Open wusize opened 3 years ago
I also have the same question. Especially in Table 3, this paper compared its speed with VovelPose without considering the 2D pose estimation time, but VovelPose takes RGB images as its inputs and outputs 3D poses. Such kind of comparison is unfair.
@wusize
Yes, it is top-down. For Campus and Shelf, we use the 2D detected poses provided by VoxelPose. For CMU Panoptic, we use the gt bboxes and detect 2D poses with Mask-RCNN.
@fandulu
VoxelPose also supports using 2D pose detections as input to fill in the heatmaps. We compare the running speed with VoxelPose on that part of the framework only, without considering the 2D pose detection time for a fair comparison.

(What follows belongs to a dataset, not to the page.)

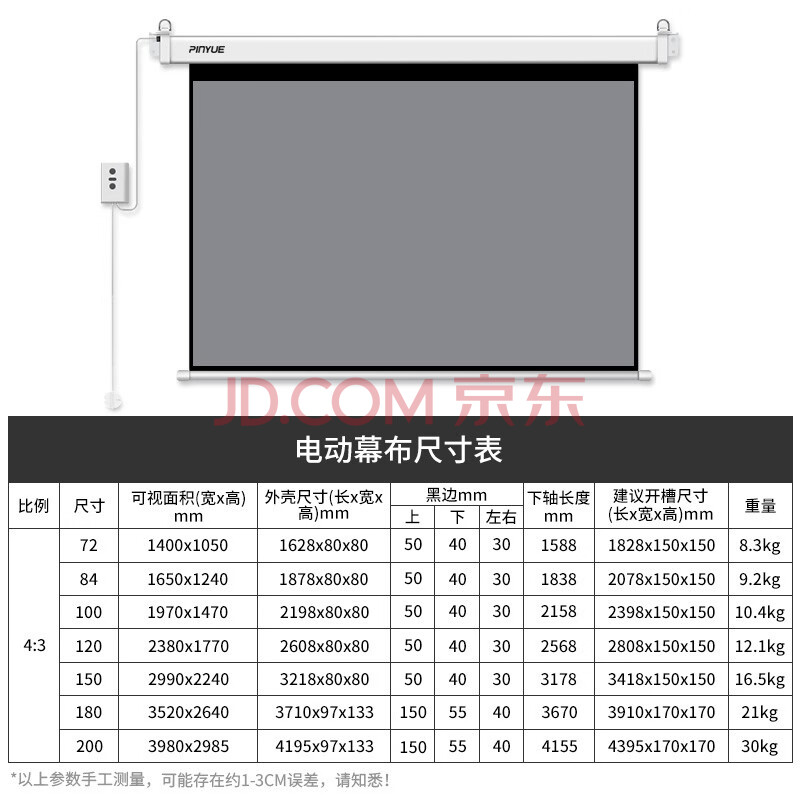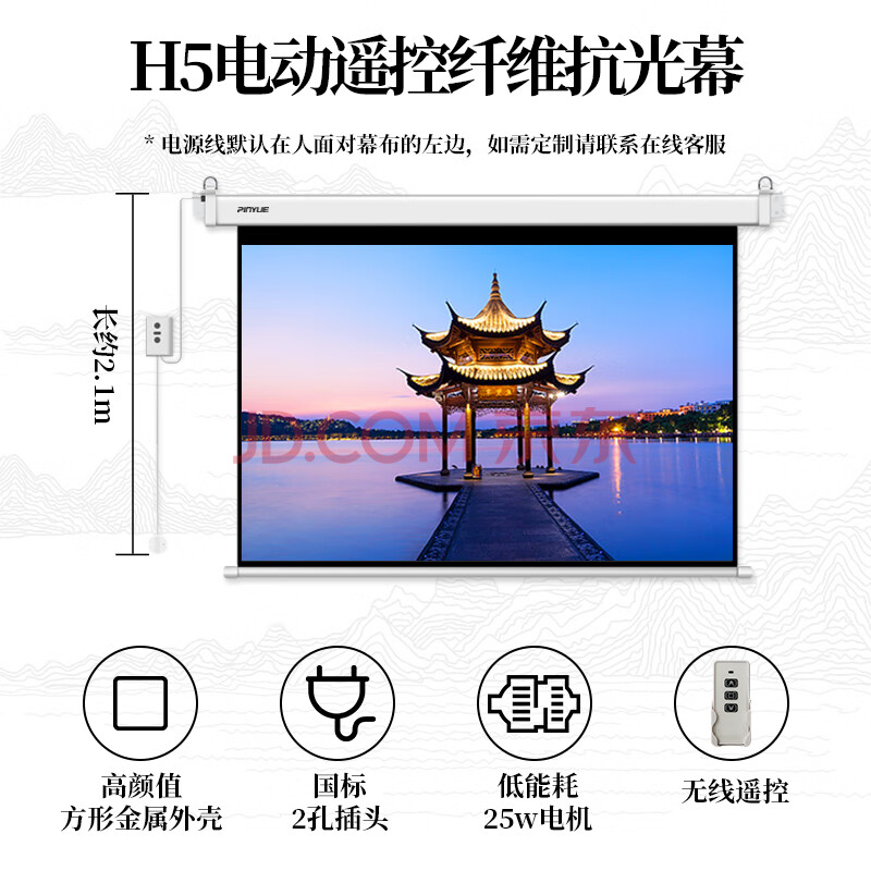 商品相册:品跃(PInYUE)投影仪幕布120英寸4:3电动抗光幕布投影幕布4k/3D家用办公纤维抗光幕第

Thanks for your reply. My question is solved.
@wusize
Yes, it is top-down. For Campus and Shelf, we use the 2D detected poses provided by VoxelPose. For CMU Panoptic, we use the gt bboxes and detect 2D poses with Mask-RCNN.
Hi author, the project only provides the detection results of the validation frames, do you have the full detection results. I use HRNet to detect keypoints and I feel that the detection result is far less than yours.
Would you please give more details about your 2D model? Is it a top-down approach? If yes, are the bboxs gt or detected?